RECORDS SUPPLIED:
- - - - - - -

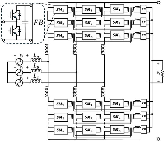 Type B MMC topologies replace traditional two-level submodules (SM) with three-level NPC or cascaded half-bridge submodules, markedly reducing the component count. Moreover, the low-voltage DC (LVDC) outputs are realized through series-parallel reconfiguration at the DAB side, enabling multi-voltage outputs [55]. Further advancements in power density have been achieved through magnetically coupled MMCs and bridge-arm reconstruction approaches. As illustrated in Figure 11, these methods utilize single-core magnetic coupling for electrical isolation, enhancing topology compactness and scalability. However, they require introducing multi-frequency energy balancing mechanisms to maintain system stability [56].
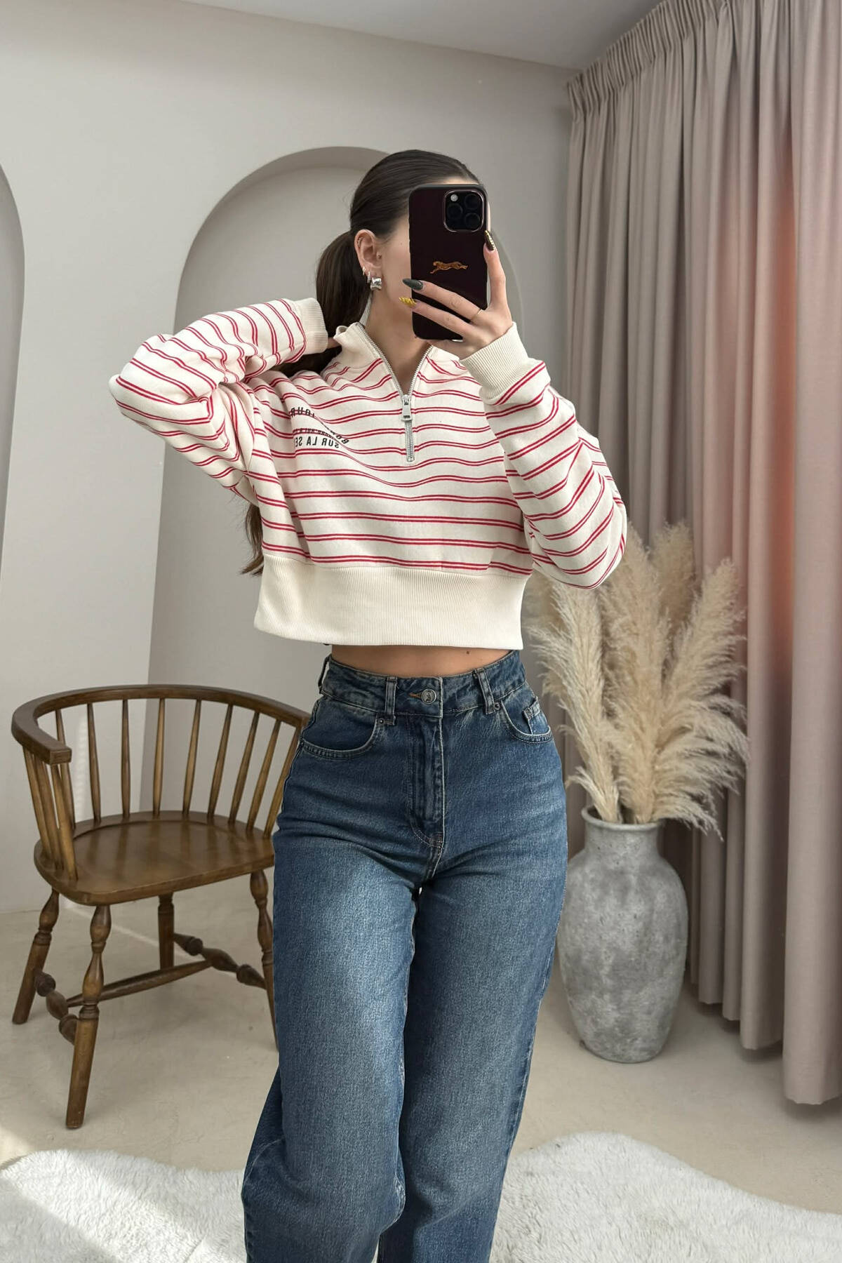 FLUFFY ZIPPER NECK STRIPE WOMEN SWEATSHIRT CREAM/KREM
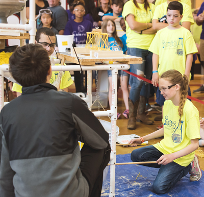 学生们在中溪小学(Middle Creek Elementary School)参加最后一场地区比赛时,莫兹克的团队眼光敏锐,他们指出那些用过量的热胶或千层面建造的桥梁,增加了重量。
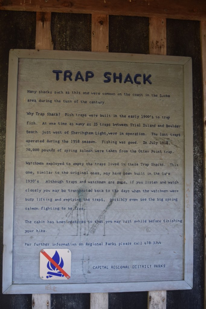 The trap shack used to be a common sight along the coast, and this was a reproduction of a style from the 1930s. Now used as a rest stop, was once a place for watchmen to sleep. With salmon being caught regularly in the area for over 100 years, people were needed to empty the catch while protecting it from others. The watchmen would be employed to lift and empty the traps and stay in the shacks through the fishing season.
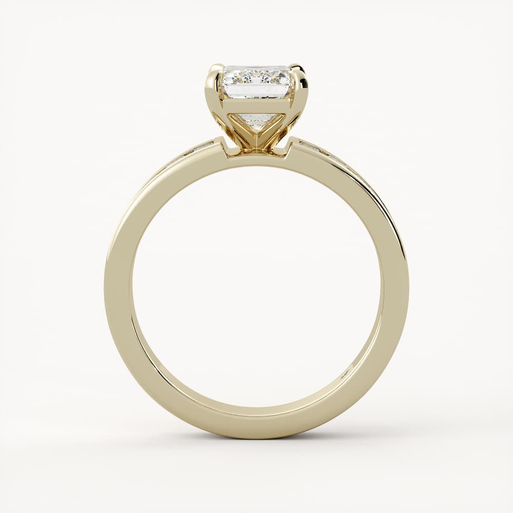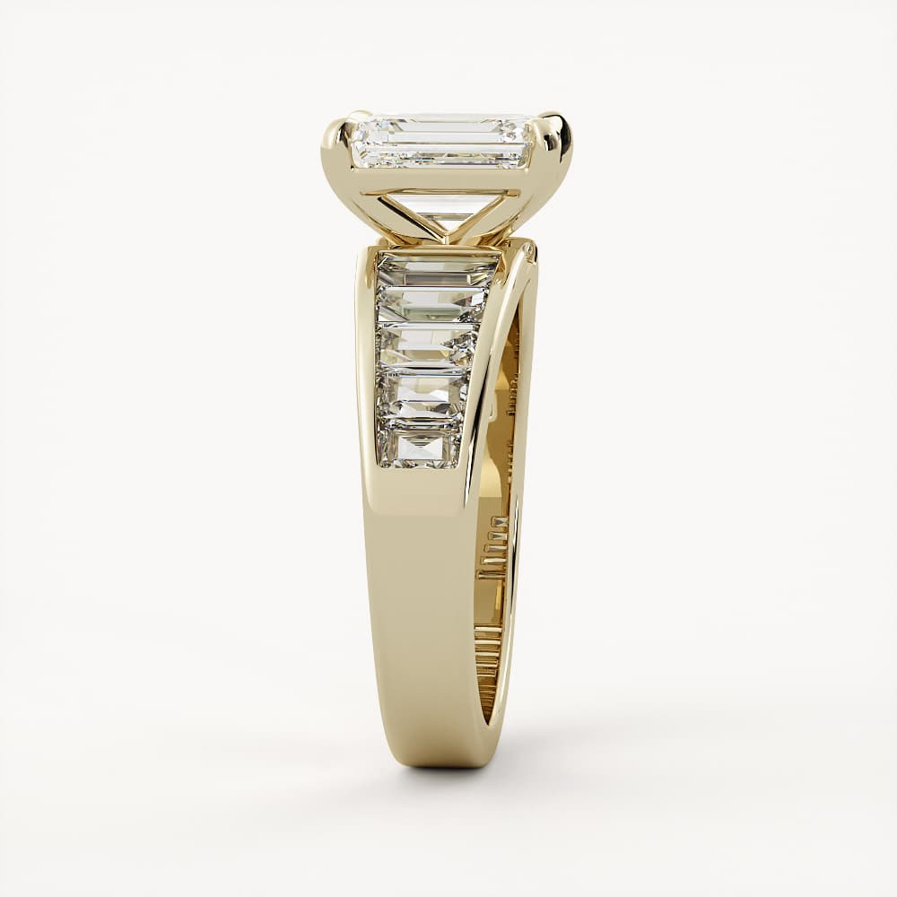 The perfect marriage between vintage and modern, Chelsey features a center stone choice between lozenge and emerald with a graceful tapered shank featuring straight channel set baguettes.
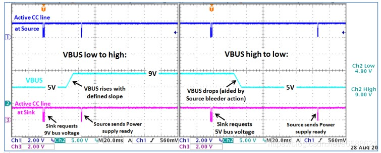 (5)在电压变化期间,SINK的电流会保持尽可能小,Source端VBUS到达9V并稳定之后,会发出Ready信号
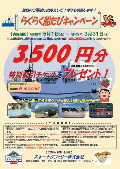 周南市の徳山港と大分県の竹田津港をフェリーで結ぶスオーナダフェリー(周防灘フェリー㈱)が5月1日(金)から来年3月31日(水)まで、毎年好評の「らくらく船旅キ...
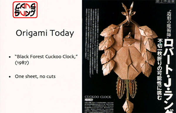 摺紙大師 Robert Lang 在 TED 上的一次演講,完全顛覆了以往我們認知的摺紙行為,他可以用一張沒有切割過的紙,單靠摺的動作,不用膠水或是任何剪接拼貼,就把紙張幻化成非常擬真的動物,甚至利用數學的概念,把這摺紙藝術傳承給大眾,只要四個法則,就可以把摺紙參透到極致。

- - - - - - -

Copy, exactly and exclusively, the lines beginning with the one that contains "FLUFFY ZIPPER NECK" and ending with the last line of the listing; pictures are to be omitted.

 FLUFFY ZIPPER NECK STRIPE WOMEN SWEATSHIRT CREAM/KREM
 学生们在中溪小学(Middle Creek Elementary School)参加最后一场地区比赛时,莫兹克的团队眼光敏锐,他们指出那些用过量的热胶或千层面建造的桥梁,增加了重量。
 The trap shack used to be a common sight along the coast, and this was a reproduction of a style from the 1930s. Now used as a rest stop, was once a place for watchmen to sleep. With salmon being caught regularly in the area for over 100 years, people were needed to empty the catch while protecting it from others. The watchmen would be employed to lift and empty the traps and stay in the shacks through the fishing season.
 The perfect marriage between vintage and modern, Chelsey features a center stone choice between lozenge and emerald with a graceful tapered shank featuring straight channel set baguettes.
 (5)在电压变化期间,SINK的电流会保持尽可能小,Source端VBUS到达9V并稳定之后,会发出Ready信号
 周南市の徳山港と大分県の竹田津港をフェリーで結ぶスオーナダフェリー(周防灘フェリー㈱)が5月1日(金)から来年3月31日(水)まで、毎年好評の「らくらく船旅キ...
 摺紙大師 Robert Lang 在 TED 上的一次演講,完全顛覆了以往我們認知的摺紙行為,他可以用一張沒有切割過的紙,單靠摺的動作,不用膠水或是任何剪接拼貼,就把紙張幻化成非常擬真的動物,甚至利用數學的概念,把這摺紙藝術傳承給大眾,只要四個法則,就可以把摺紙參透到極致。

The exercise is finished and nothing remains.